Information supplied →
++++++++++
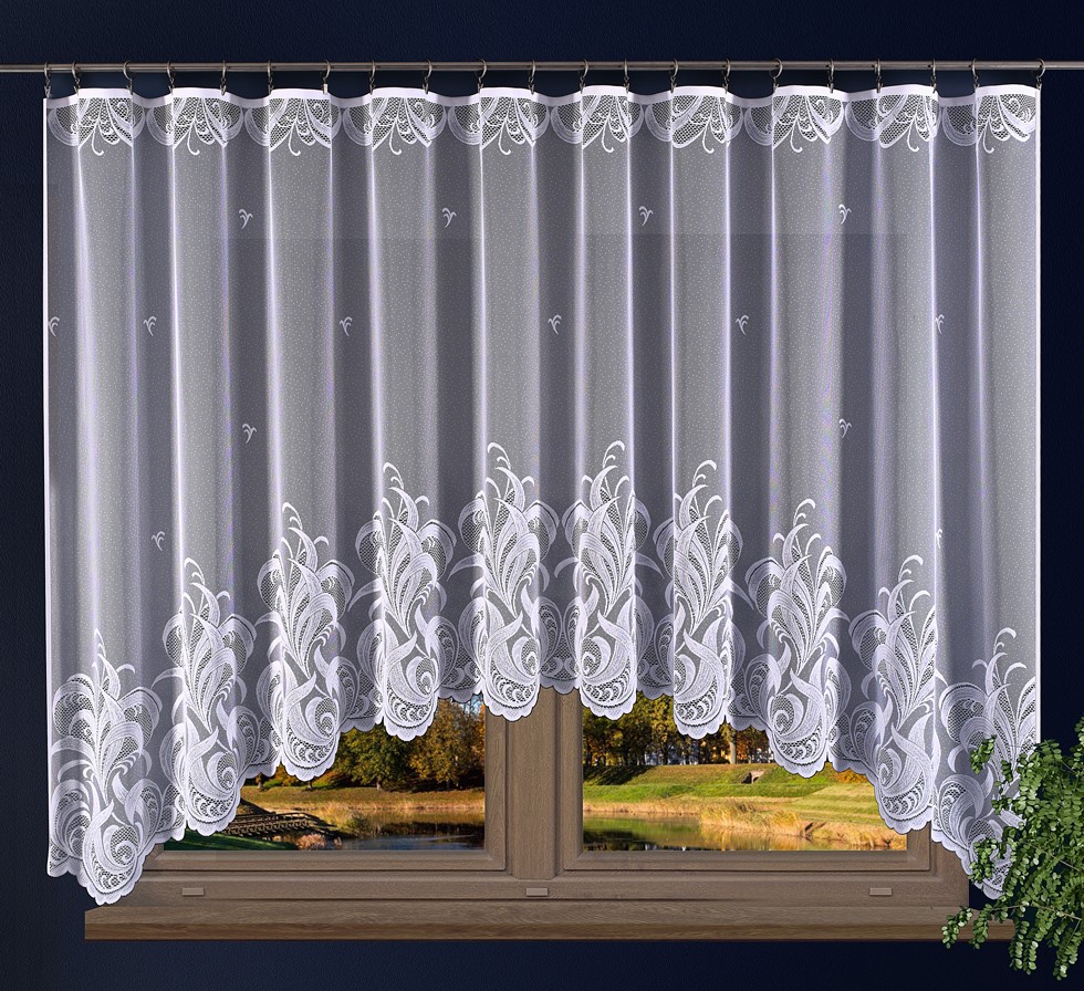 Žakarová záclona střední hrubosti v bílé barvě
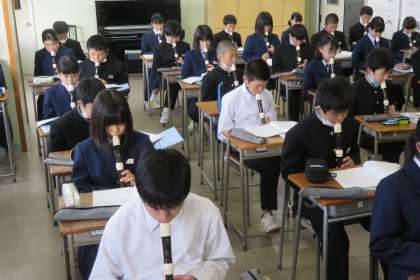 3年生の実力テストのようすを見に行くと、音楽室から素敵なリコーダーの音が聞こえてきました。
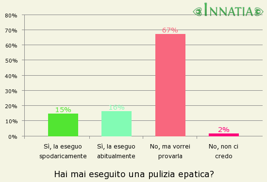 Io l'ho scoperto quando ne ho avuto bisogno. Dopo un'intossicazione di funghi in un ristorante, sono stato malissimo per settimane senza riuscire a recuperare in alcun modo. Quando ho trovato la pulizia epatica nel libro di Andreas Moritz “La pulizia epatica e della vescica” , ho visto che poteva essere proprio quello di cui avevo bisogno e l'ho messa subito in pratica.
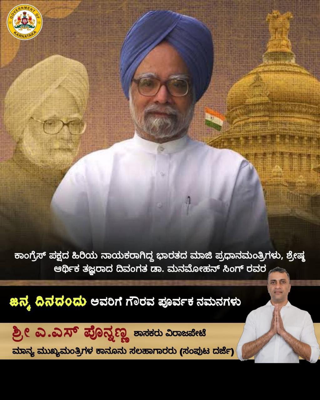 ಕಾಂಗ್ರೆಸ್‌ ಪಕ್ಷದ ಹಿರಿಯ ನಾಯಕರಾಗಿದ್ದ ಭಾರತದ ಮಾಜಿ ಪ್ರಧಾನಮಂತ್ರಿಗಳು, ಶ್ರೇಷ್ಠ ಆರ್ಥಿಕ ತಜ್ಞರಾದ ದಿವಂಗತ ಡಾ. ಮನಮೋಹನ್ ಸಿಂಗ್ ರವರ ಜನ್ಮ ದಿನದಂದು ಅವರಿಗೆ ಗೌರವ ಪೂರ್ವಕ ನಮನಗಳು.
++++++++++
Task details → In the material above, retype exactly the lines that run from the one containing "3年生の実力テストのようすを" through the last line, and keep out the pictures.

Answer to this exercise →
 3年生の実力テストのようすを見に行くと、音楽室から素敵なリコーダーの音が聞こえてきました。
 Io l'ho scoperto quando ne ho avuto bisogno. Dopo un'intossicazione di funghi in un ristorante, sono stato malissimo per settimane senza riuscire a recuperare in alcun modo. Quando ho trovato la pulizia epatica nel libro di Andreas Moritz “La pulizia epatica e della vescica” , ho visto che poteva essere proprio quello di cui avevo bisogno e l'ho messa subito in pratica.
 ಕಾಂಗ್ರೆಸ್‌ ಪಕ್ಷದ ಹಿರಿಯ ನಾಯಕರಾಗಿದ್ದ ಭಾರತದ ಮಾಜಿ ಪ್ರಧಾನಮಂತ್ರಿಗಳು, ಶ್ರೇಷ್ಠ ಆರ್ಥಿಕ ತಜ್ಞರಾದ ದಿವಂಗತ ಡಾ. ಮನಮೋಹನ್ ಸಿಂಗ್ ರವರ ಜನ್ಮ ದಿನದಂದು ಅವರಿಗೆ ಗೌರವ ಪೂರ್ವಕ ನಮನಗಳು.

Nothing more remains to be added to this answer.